- **AIM OF THE EXERCISE**: Please produce a character-exact copy of the listing that follows, omitting all images.

- **DATASET SECTION**:
▽

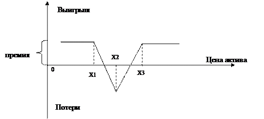 Спрэд короткая бабочка создают в обратном порядке, т.е. продают опционы с ценами исполнения Х1и Х3 и покупают два опциона с ценой исполнения Х2. Данная стратегия позволяет получить невысокий доход при значительных колебаниях рыночной цены актива; одновременно она ограничивает потери при незначительном отклонении цены от первоначального уровня (рисунок).
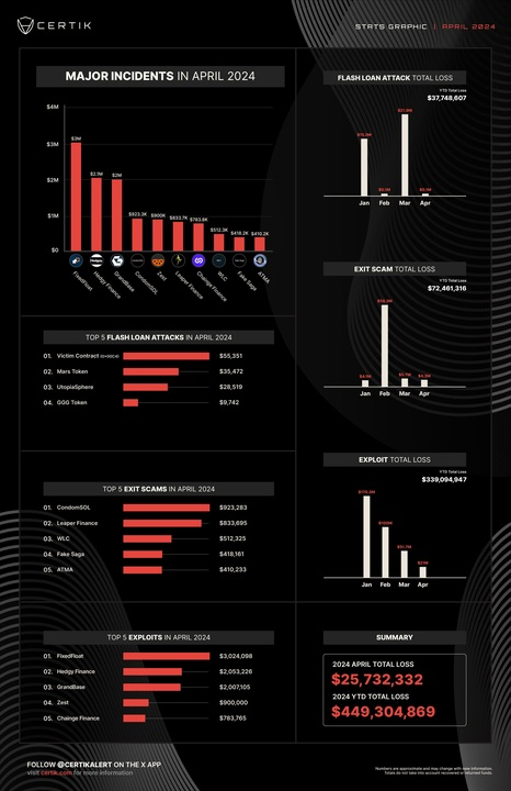 По данным CertiK, в прошлом месяце криптовалютные проекты потеряли в общей сложности $25,7 млн. По сравнению с мартом показатель снизился на 141%.
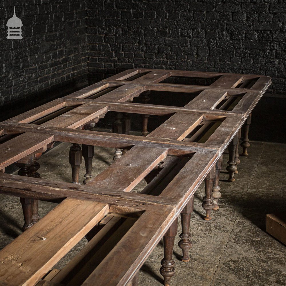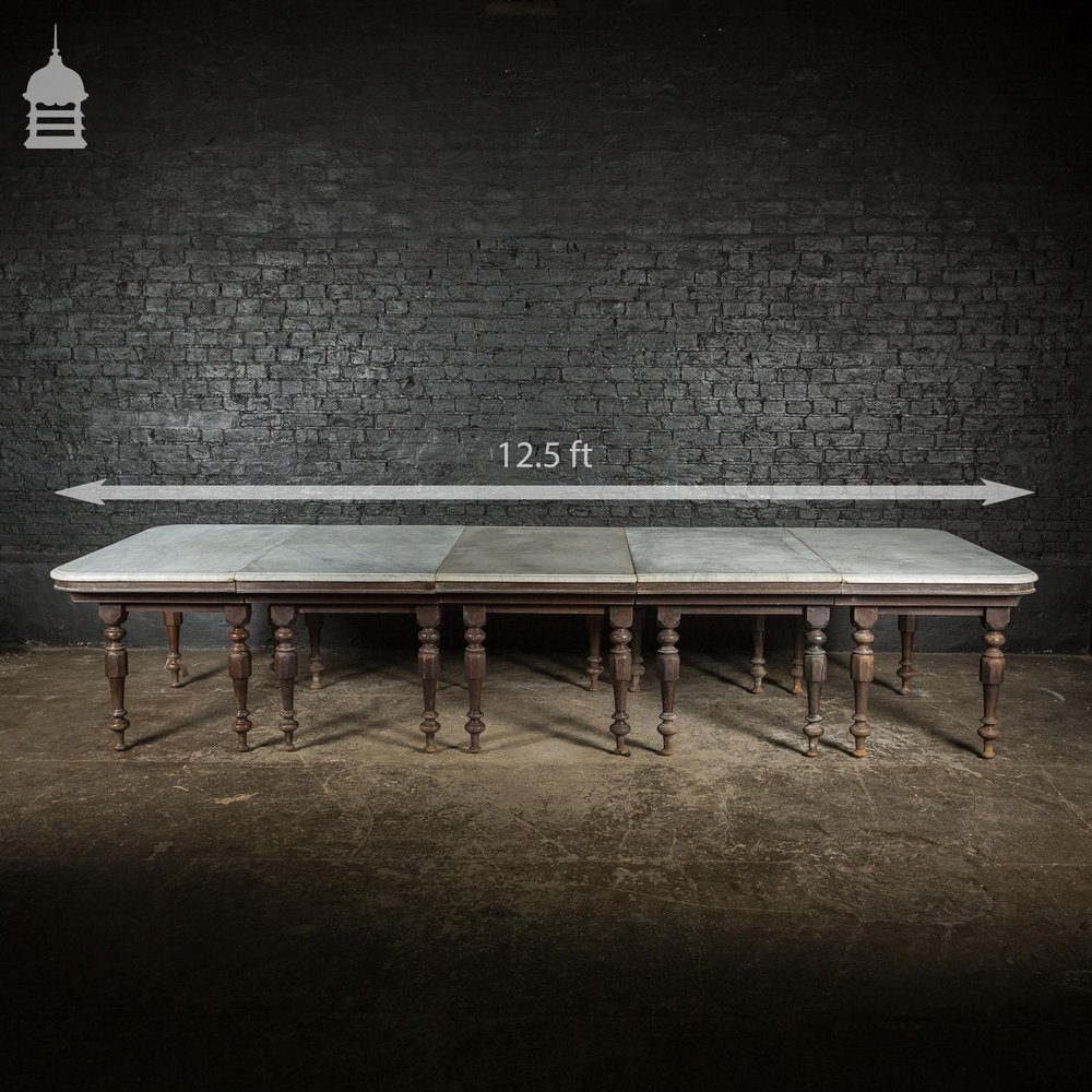 This impressive 7 Leaf Banqueting Table Extends from 5ft to 17.5ft in 2.5ft sections. The legs on the hardwood base sections fold flat so this huge table packs away into a relativity small space for storage or transportation. Please note that two of the marble tops have repairs as shown in the images.
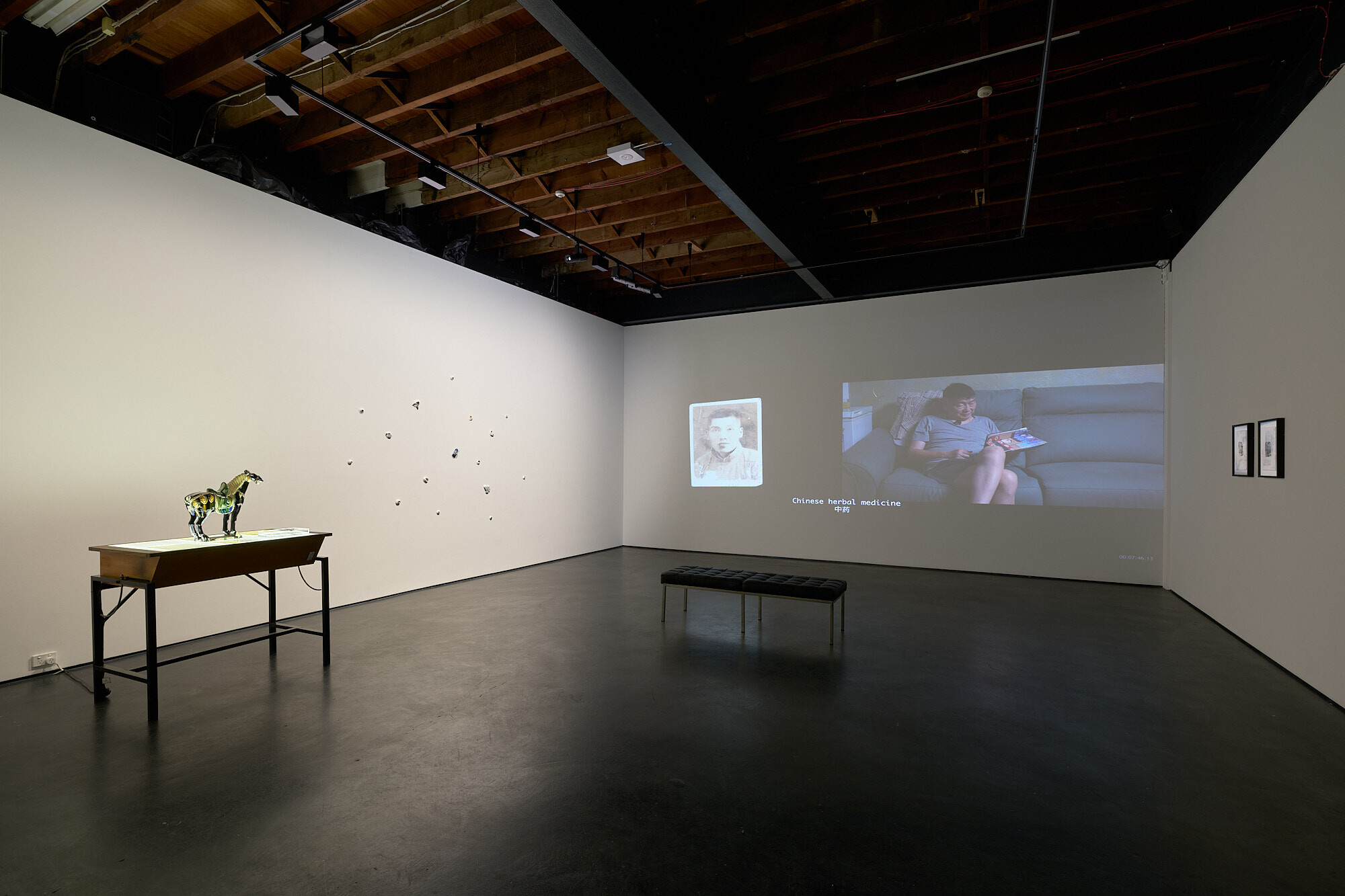 Continuing this sentiment of reckoning with one’s own cultural diaspora, Rachel Hongxun Zhou’s video work, Roots and Ruins, projects the artist’s family history on an expansive wall of the Fiona and Sidney Myer Gallery. The work includes interviews with family, photographs, identity and employment documents, as well as narration from Zhou (statements include “history is never complete”). The unrecorded and unknowable histories outside Zhou’s family archive contribute to an examination of her own cultural identity within a multicultural society, far removed from Zhou’s country of origin. Through examination of her own ancestry, Zhou creates an important dialogue between the viewer and artist, one that promotes mutual understanding and an acknowledgment of the complexities of documenting history(s).

△

- **RESULT OF THE EXERCISE**:
 Спрэд короткая бабочка создают в обратном порядке, т.е. продают опционы с ценами исполнения Х1и Х3 и покупают два опциона с ценой исполнения Х2. Данная стратегия позволяет получить невысокий доход при значительных колебаниях рыночной цены актива; одновременно она ограничивает потери при незначительном отклонении цены от первоначального уровня (рисунок).
 По данным CertiK, в прошлом месяце криптовалютные проекты потеряли в общей сложности $25,7 млн. По сравнению с мартом показатель снизился на 141%.
 This impressive 7 Leaf Banqueting Table Extends from 5ft to 17.5ft in 2.5ft sections. The legs on the hardwood base sections fold flat so this huge table packs away into a relativity small space for storage or transportation. Please note that two of the marble tops have repairs as shown in the images.
 Continuing this sentiment of reckoning with one’s own cultural diaspora, Rachel Hongxun Zhou’s video work, Roots and Ruins, projects the artist’s family history on an expansive wall of the Fiona and Sidney Myer Gallery. The work includes interviews with family, photographs, identity and employment documents, as well as narration from Zhou (statements include “history is never complete”). The unrecorded and unknowable histories outside Zhou’s family archive contribute to an examination of her own cultural identity within a multicultural society, far removed from Zhou’s country of origin. Through examination of her own ancestry, Zhou creates an important dialogue between the viewer and artist, one that promotes mutual understanding and an acknowledgment of the complexities of documenting history(s).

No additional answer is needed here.